BEGIN () allocates the next TID , appends a STARTED record to the log, and returns the TID.
COMMIT () appends a COMMITTED record to the log and returns.
ABORT (TID) undoes all of transaction TID 's WRITE () operations by scanning the log backwards and writing the old values from the transaction's UPDATED records back to the cell storage. After completing the undo, ABORT (TID) appends an ABORTED entry to the log, and returns.
RECOVER () is called after a crash and restart, before starting any more transactions. It scans the log backwards, undoing each WRITE record of each transaction that had neither committed nor aborted at the time of the crash. RECOVER () appends one ABORTED record to the log for each such transaction.

Sara's before-or-after intention is that the result of executing multiple transactions concurrently is the same as executing those same transactions one at a time, in increasing TID order. Sara wants her READ () and WRITE () implementations to provide before-or-after atomicity by adhering to the following rule:

Suppose a transaction with TID t executes READ (X) . Let u be the highest TID less than t that calls WRITE (X) and commits. The READ (X) executed by t should return the value that u writes.

Sara observes that this rule does not require her system to execute transactions in strict TID order.
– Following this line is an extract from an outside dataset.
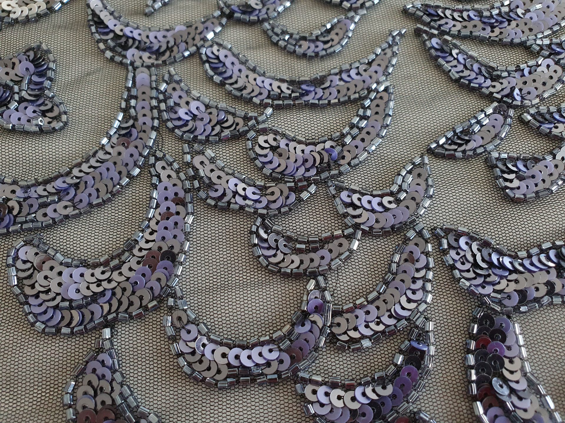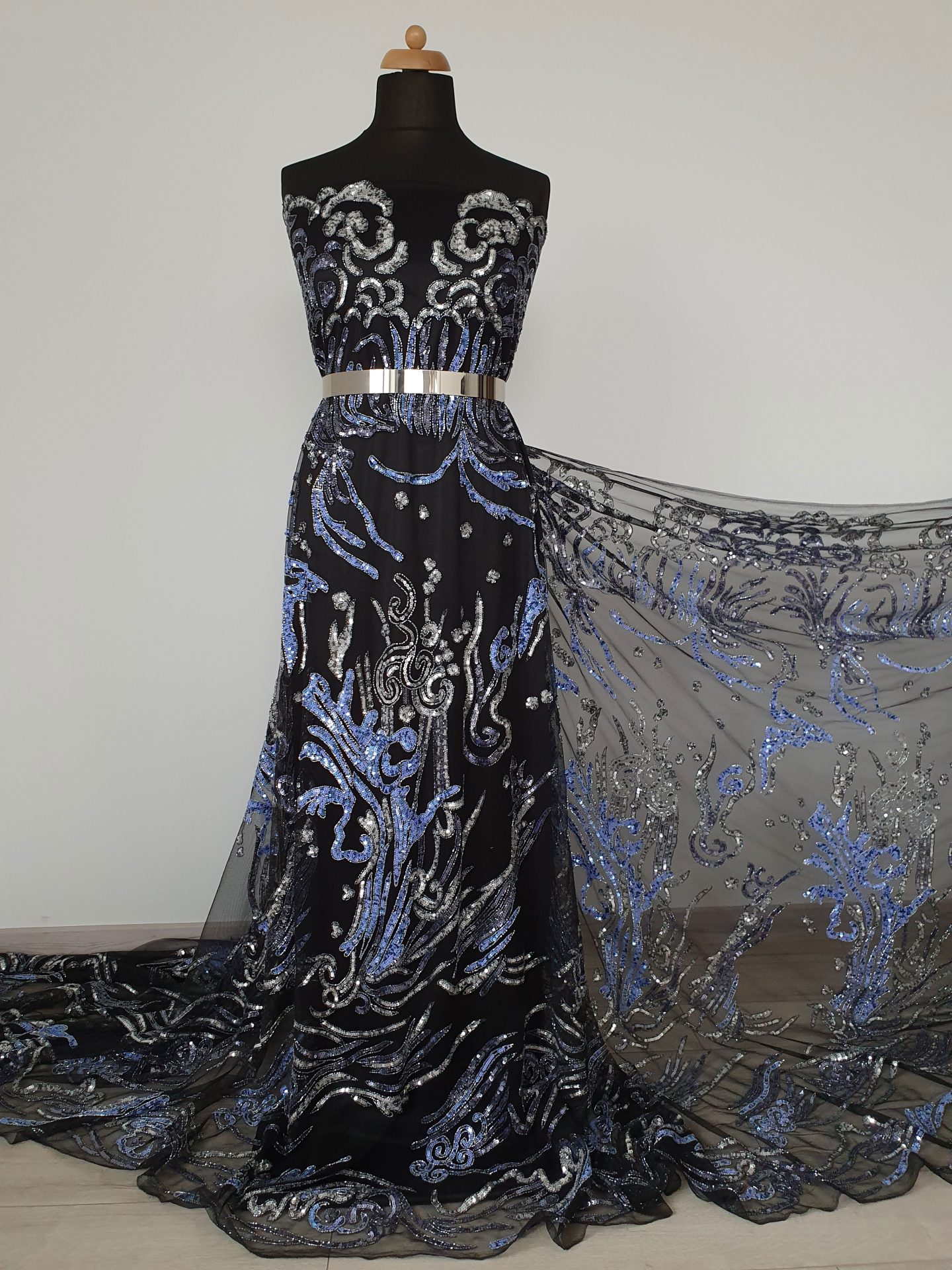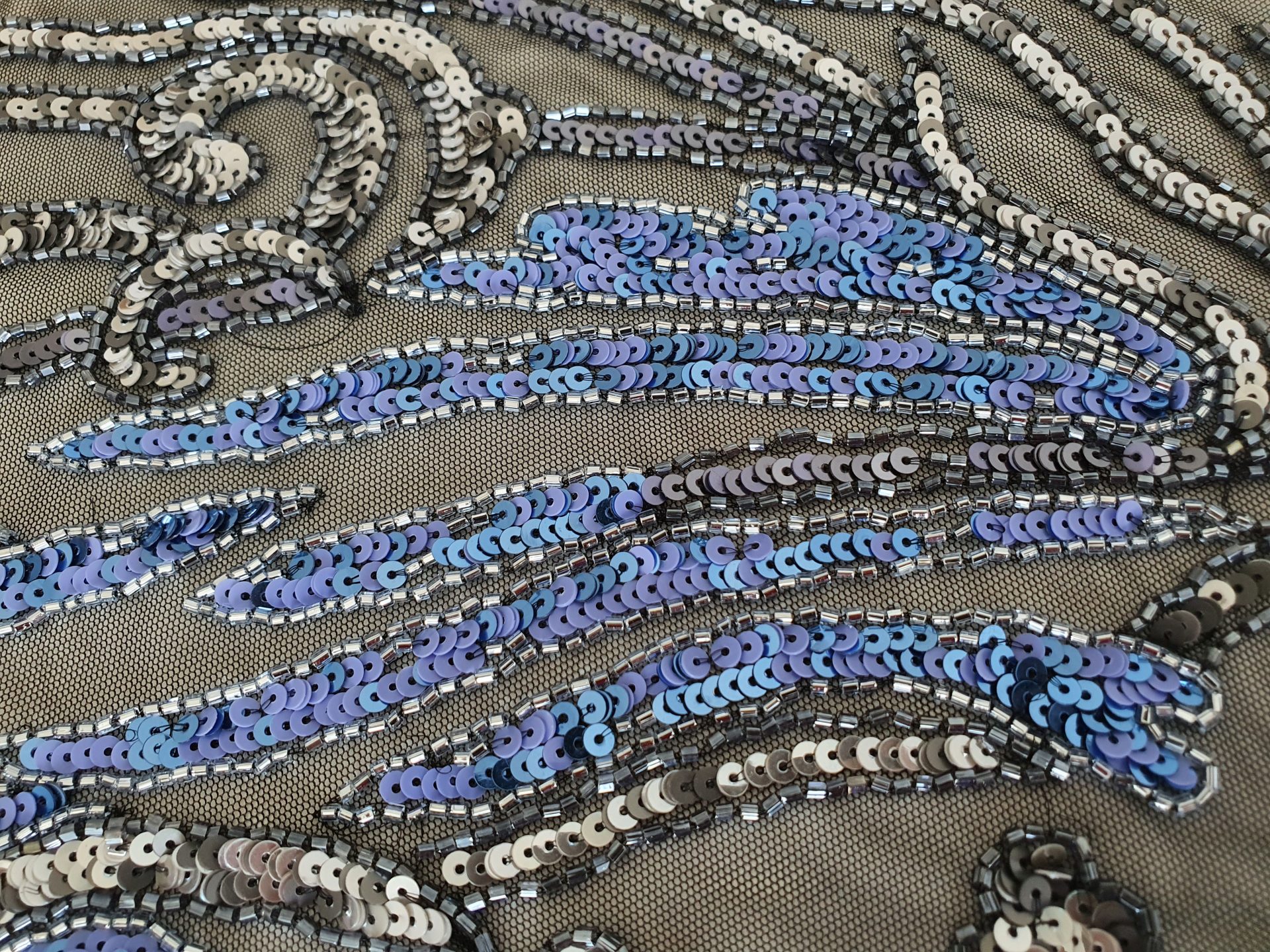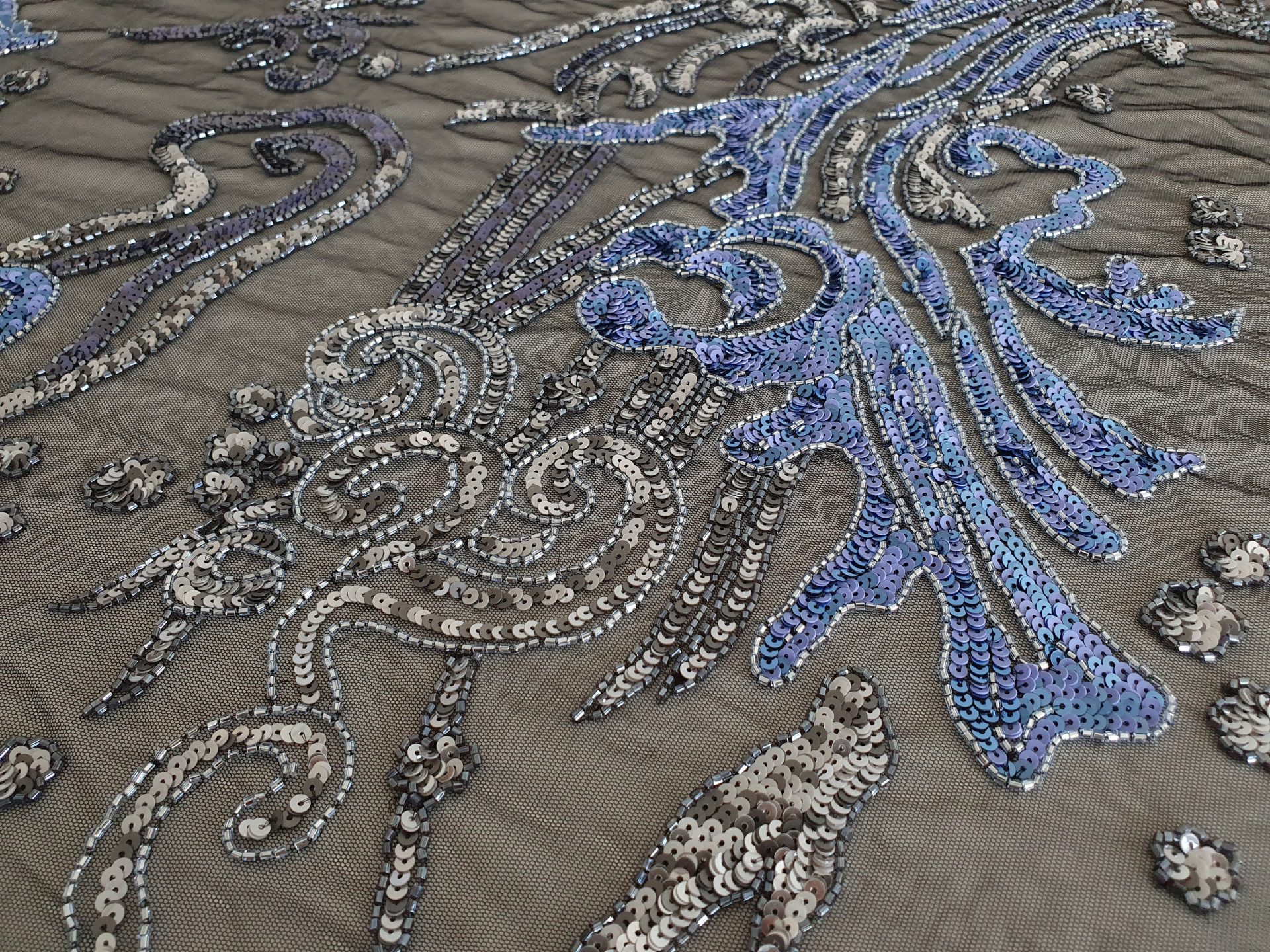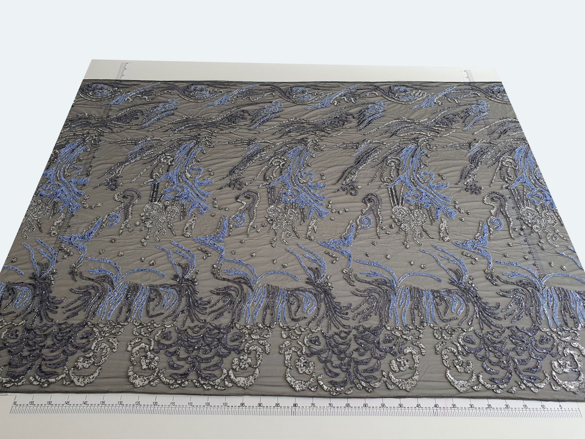 Broderie couture royal blue design Elie Saab, lucrata 100% manual din margele si paiete in tonuri de argintiu, albastru royal, albastru indigo si antracit.

For example, the fact that two transactions call READ () on the same variable does not (by itself) constrain the order in which the transactions must execute.

To see how Sara intends ANTS to work, consider the following two transactions:

	Transaction T_A	Transaction T_B
`1`	`tid_a ← BEGIN () // returns 15`
`2`		`tid_b ← BEGIN () // returns 16`
`3`	`v_a ← READ (tid_a, X)`
`4`	`v_a ← v_a + 1`
`5`		`v_b ← READ (tid_b, X)`
`6`		`v_b ← v_b + 1`
`α`	`WRITE (tid_a, X, v_a)`	`WRITE (tid_b, X, v_b)`
`β`	`COMMIT (tid_a)`	`COMMIT (tid_b)`

Each transaction marks its start with a call to BEGIN , then reads the variable X from the cell store and stores it in a local variable, then adds one to that local variable, then writes the local variable to X in the cell store, and then commits. Each transaction passes its TID ( tid_a and tid_b respectively) to the READ , WRITE , and COMMIT procedures.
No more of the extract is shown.